The entries below are to be printed again word for word.

:::

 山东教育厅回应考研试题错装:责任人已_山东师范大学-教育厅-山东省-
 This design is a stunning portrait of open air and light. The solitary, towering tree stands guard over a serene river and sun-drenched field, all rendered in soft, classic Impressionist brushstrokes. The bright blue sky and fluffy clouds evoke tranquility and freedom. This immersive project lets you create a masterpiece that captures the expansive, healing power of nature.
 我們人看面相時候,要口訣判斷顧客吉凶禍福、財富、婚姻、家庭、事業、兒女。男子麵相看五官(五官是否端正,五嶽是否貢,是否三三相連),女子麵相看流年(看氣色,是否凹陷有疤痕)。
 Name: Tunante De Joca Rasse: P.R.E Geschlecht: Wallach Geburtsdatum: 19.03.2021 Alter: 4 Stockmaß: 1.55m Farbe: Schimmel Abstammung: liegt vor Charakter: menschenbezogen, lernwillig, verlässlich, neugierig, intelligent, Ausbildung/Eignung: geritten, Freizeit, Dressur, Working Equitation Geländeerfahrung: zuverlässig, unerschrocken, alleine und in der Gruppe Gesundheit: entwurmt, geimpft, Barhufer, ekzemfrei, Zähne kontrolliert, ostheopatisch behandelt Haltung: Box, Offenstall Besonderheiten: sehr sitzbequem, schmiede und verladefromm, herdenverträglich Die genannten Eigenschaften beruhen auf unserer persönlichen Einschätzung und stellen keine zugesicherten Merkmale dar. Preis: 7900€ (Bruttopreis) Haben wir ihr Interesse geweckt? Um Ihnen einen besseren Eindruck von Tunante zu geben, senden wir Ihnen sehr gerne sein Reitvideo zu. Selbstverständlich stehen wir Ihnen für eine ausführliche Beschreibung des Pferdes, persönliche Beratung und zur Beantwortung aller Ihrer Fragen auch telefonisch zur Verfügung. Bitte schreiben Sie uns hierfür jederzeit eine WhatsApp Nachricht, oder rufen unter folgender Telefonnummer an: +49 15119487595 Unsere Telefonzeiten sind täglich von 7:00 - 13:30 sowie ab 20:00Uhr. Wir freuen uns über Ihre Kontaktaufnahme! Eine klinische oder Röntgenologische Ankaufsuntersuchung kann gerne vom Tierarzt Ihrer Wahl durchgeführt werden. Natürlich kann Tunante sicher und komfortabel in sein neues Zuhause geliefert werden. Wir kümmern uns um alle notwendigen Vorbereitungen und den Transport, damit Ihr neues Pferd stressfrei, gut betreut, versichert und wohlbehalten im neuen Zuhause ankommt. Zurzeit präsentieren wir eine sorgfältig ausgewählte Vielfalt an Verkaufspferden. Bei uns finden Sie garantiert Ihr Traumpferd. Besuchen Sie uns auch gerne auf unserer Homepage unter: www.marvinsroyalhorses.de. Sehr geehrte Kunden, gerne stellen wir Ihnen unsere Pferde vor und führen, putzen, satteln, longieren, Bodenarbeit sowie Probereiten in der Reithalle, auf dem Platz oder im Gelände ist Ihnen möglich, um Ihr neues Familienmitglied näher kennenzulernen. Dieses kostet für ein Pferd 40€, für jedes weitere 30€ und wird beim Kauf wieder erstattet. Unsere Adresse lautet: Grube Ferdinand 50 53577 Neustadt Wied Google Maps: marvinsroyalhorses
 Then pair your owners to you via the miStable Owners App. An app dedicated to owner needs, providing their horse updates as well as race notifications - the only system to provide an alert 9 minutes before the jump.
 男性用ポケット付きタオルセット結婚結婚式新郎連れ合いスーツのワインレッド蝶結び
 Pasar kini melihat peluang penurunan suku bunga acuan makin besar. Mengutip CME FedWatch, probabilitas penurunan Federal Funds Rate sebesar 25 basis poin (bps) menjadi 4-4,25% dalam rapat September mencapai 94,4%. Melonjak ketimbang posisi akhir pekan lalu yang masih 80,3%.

:::

▸ **EXPECTED ANSWER**:
 山东教育厅回应考研试题错装:责任人已_山东师范大学-教育厅-山东省-
 This design is a stunning portrait of open air and light. The solitary, towering tree stands guard over a serene river and sun-drenched field, all rendered in soft, classic Impressionist brushstrokes. The bright blue sky and fluffy clouds evoke tranquility and freedom. This immersive project lets you create a masterpiece that captures the expansive, healing power of nature.
 我們人看面相時候,要口訣判斷顧客吉凶禍福、財富、婚姻、家庭、事業、兒女。男子麵相看五官(五官是否端正,五嶽是否貢,是否三三相連),女子麵相看流年(看氣色,是否凹陷有疤痕)。
 Name: Tunante De Joca Rasse: P.R.E Geschlecht: Wallach Geburtsdatum: 19.03.2021 Alter: 4 Stockmaß: 1.55m Farbe: Schimmel Abstammung: liegt vor Charakter: menschenbezogen, lernwillig, verlässlich, neugierig, intelligent, Ausbildung/Eignung: geritten, Freizeit, Dressur, Working Equitation Geländeerfahrung: zuverlässig, unerschrocken, alleine und in der Gruppe Gesundheit: entwurmt, geimpft, Barhufer, ekzemfrei, Zähne kontrolliert, ostheopatisch behandelt Haltung: Box, Offenstall Besonderheiten: sehr sitzbequem, schmiede und verladefromm, herdenverträglich Die genannten Eigenschaften beruhen auf unserer persönlichen Einschätzung und stellen keine zugesicherten Merkmale dar. Preis: 7900€ (Bruttopreis) Haben wir ihr Interesse geweckt? Um Ihnen einen besseren Eindruck von Tunante zu geben, senden wir Ihnen sehr gerne sein Reitvideo zu. Selbstverständlich stehen wir Ihnen für eine ausführliche Beschreibung des Pferdes, persönliche Beratung und zur Beantwortung aller Ihrer Fragen auch telefonisch zur Verfügung. Bitte schreiben Sie uns hierfür jederzeit eine WhatsApp Nachricht, oder rufen unter folgender Telefonnummer an: +49 15119487595 Unsere Telefonzeiten sind täglich von 7:00 - 13:30 sowie ab 20:00Uhr. Wir freuen uns über Ihre Kontaktaufnahme! Eine klinische oder Röntgenologische Ankaufsuntersuchung kann gerne vom Tierarzt Ihrer Wahl durchgeführt werden. Natürlich kann Tunante sicher und komfortabel in sein neues Zuhause geliefert werden. Wir kümmern uns um alle notwendigen Vorbereitungen und den Transport, damit Ihr neues Pferd stressfrei, gut betreut, versichert und wohlbehalten im neuen Zuhause ankommt. Zurzeit präsentieren wir eine sorgfältig ausgewählte Vielfalt an Verkaufspferden. Bei uns finden Sie garantiert Ihr Traumpferd. Besuchen Sie uns auch gerne auf unserer Homepage unter: www.marvinsroyalhorses.de. Sehr geehrte Kunden, gerne stellen wir Ihnen unsere Pferde vor und führen, putzen, satteln, longieren, Bodenarbeit sowie Probereiten in der Reithalle, auf dem Platz oder im Gelände ist Ihnen möglich, um Ihr neues Familienmitglied näher kennenzulernen. Dieses kostet für ein Pferd 40€, für jedes weitere 30€ und wird beim Kauf wieder erstattet. Unsere Adresse lautet: Grube Ferdinand 50 53577 Neustadt Wied Google Maps: marvinsroyalhorses
 Then pair your owners to you via the miStable Owners App. An app dedicated to owner needs, providing their horse updates as well as race notifications - the only system to provide an alert 9 minutes before the jump.
 男性用ポケット付きタオルセット結婚結婚式新郎連れ合いスーツのワインレッド蝶結び
 Pasar kini melihat peluang penurunan suku bunga acuan makin besar. Mengutip CME FedWatch, probabilitas penurunan Federal Funds Rate sebesar 25 basis poin (bps) menjadi 4-4,25% dalam rapat September mencapai 94,4%. Melonjak ketimbang posisi akhir pekan lalu yang masih 80,3%.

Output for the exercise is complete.